True. I only said it introduced 'problems' - not bugs. The 'problems'
will have a significant impact on click-through rates and ads served
per pageview.

> > There are ways around that. From experience I can assure you they
> >aren't 100% satisfactory.
> 
> 
> When we were architecting the state management spec, I thought a great deal
> about effiency losses, and I concluded that the overhead would be small
> enough for the provider, and *negative* for the web as a whole.
> 
> Transactions now:
> 
> 1a) host: a.com  GET page
> 1b.1) host: a.com  GET inline image
> 1b.2) host: a.com  GET inline image
>  ....
> 1c) host: doubleclick.com GET ad image
> 
> Note that 1b.* and 1c may happen in parallell.  Also note that transaction
> 1c is not cachable in proxies (I just tried it on doubleclick) because this
> would interfere with cookie processing, while ad images are potentially some
> of the most highly cachable content on the web.
> 
> Transactions in future:
> 
> 1a) host: a.com  GET page
> 1b.1) host: a.com  GET inline image
> 1b.2) host: a.com  GET inline image
> 1d) host: a.com  GET ad image (returns 302 redirect to 1c)
>  .... 
> 1c) host: doubleclick.com GET ad image
> 
> The new 1d is uncachable, but 1d is a very small transaction.  1c becomes
> cachable in proxy caches, which is very good.

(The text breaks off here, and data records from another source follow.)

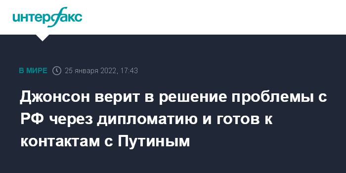 Москва. 25 января. INTERFAX.RU - Премьер Великобритании Борис Джонсон заверил, что считает возможным решение проблем с Россией при помощи диалога. Он выразил готовность продолжить контакты с президентом РФ Владимиром Путиным.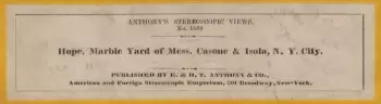 This view dates from the 1860s; this sort of stereoview, with a yellow cardboard mount, was not published until the 1860s. And, if I recall correctly, the Anthonys moved uptown from the address on the label, 501 Broadway, late in the 1860s.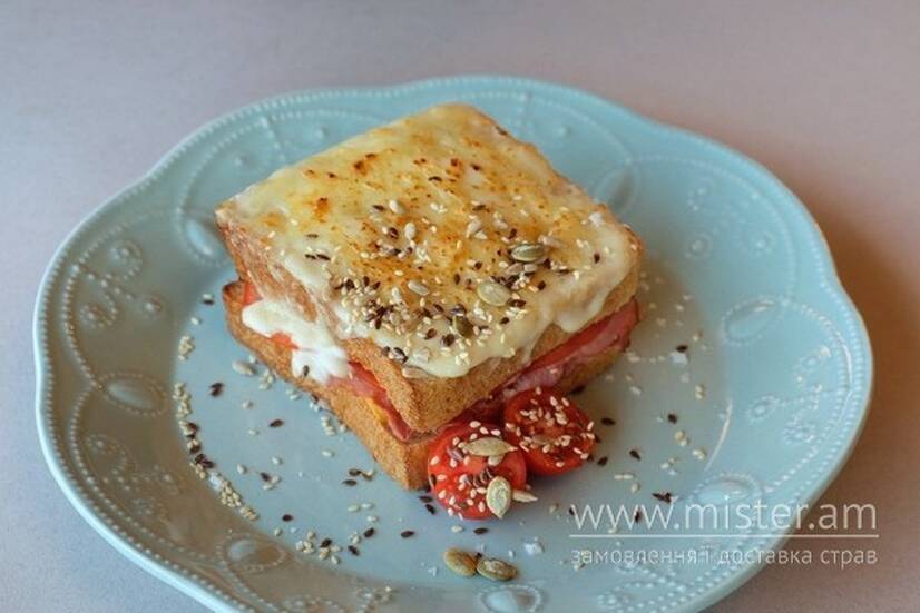 Заквасний тостовий хліб, чеддер шинка, сирний бешамель і пекоріно.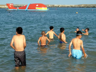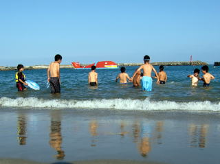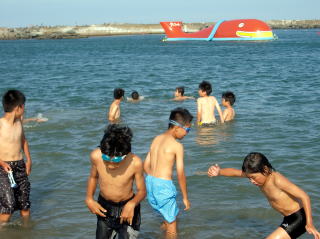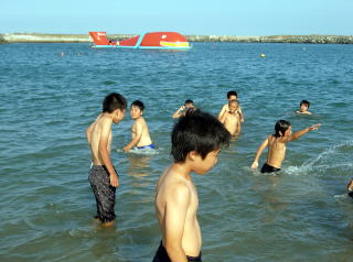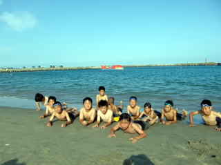 1日目が終了し、みんなで海水浴へ行きました。(なんと宿泊施設の目の前が海でした)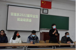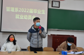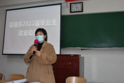 为了帮助2022届毕业生更好地了解当前的就业政策和就业形势、把握就业机会,管理系于11月9日在东阶101教室召开了2022届毕业生就业动员会。此次会议同时也是我系落实“我为群众办实事”要求的具体举措之一。会议通过“线上”+“线下”两种方式同时进行,由系主任刘海英老师主持,系党总支书记崔振华老师、系学工办主任蒋愿望老师、部分教师代表及管理系2022届全体毕业生参会。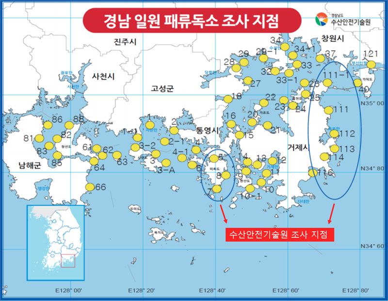 경남도 일원 패류독소 조사 지점. 이상 경남도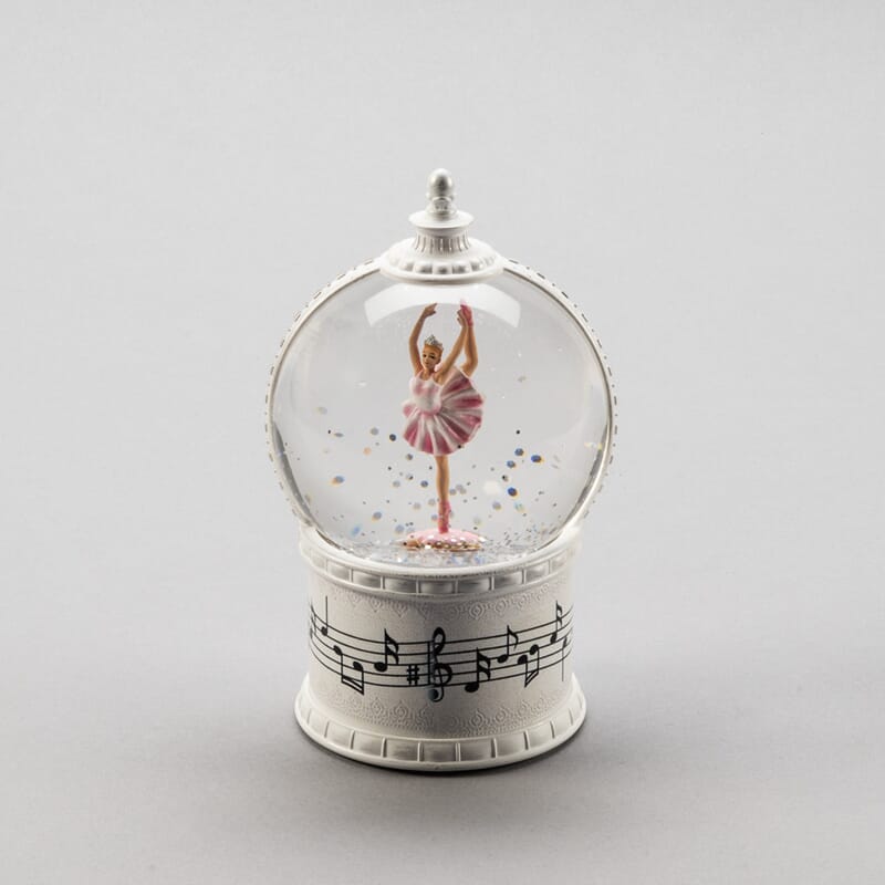 Vannfyllt lykt med ballerina, musikk og roterende funksjon. Varmhvit LED og timer - 5 timer.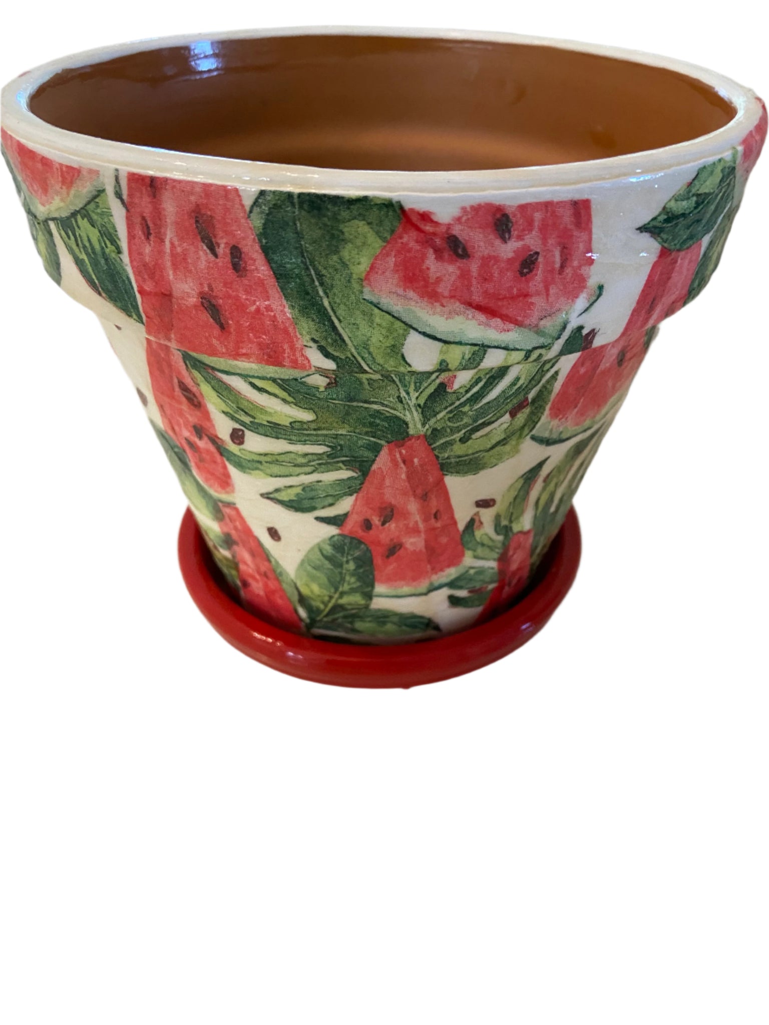 Hand painted white terracotta pot, decoupaged with a jolly watermelon design & comes with a coordinating red base plate. Pot is sealed and suitable for inside or undercover use.

This "future" method is what I'm using now. However, 1c is NOT cacheable
(for us) in practise; we've had to make it deliberately uncacheable because
we were getting screwed (financially) by caches that'd never inform the
ad server that it had served the same ad to dozens or hundreds of users.

I know there are plans to make proxies report this kind of info in the
future, but we're not there yet and sites that are dependant on ad revenue
cannot afford to be good net citizens w.r.t caching ads.

> End result: higher degree of proxy caching on the web.

*if* people don't deliberately cache bust to protect their revenues. I
think that's going to be a big 'if'.

> In fact, in my
> opinion doubleclick should be using this scheme already, unverifiable
> transactions or not.
> 
> End result for host a.com: this adds about the cost of 1 additional small
> inline image, and some database processing (database processing is very
> cheap).

IMO, that's assuming a hell of a lot and I don't agree with the assumption
that it'll end up being cheap. I think it'll be expensive enough to
cause some casualties among small sites that rely on ad networks.

> And note that this additional transaction this will soon happen on
> a HTTP/1.1 persistent connection.
> 
> So again, things turn out better for the web as a whole.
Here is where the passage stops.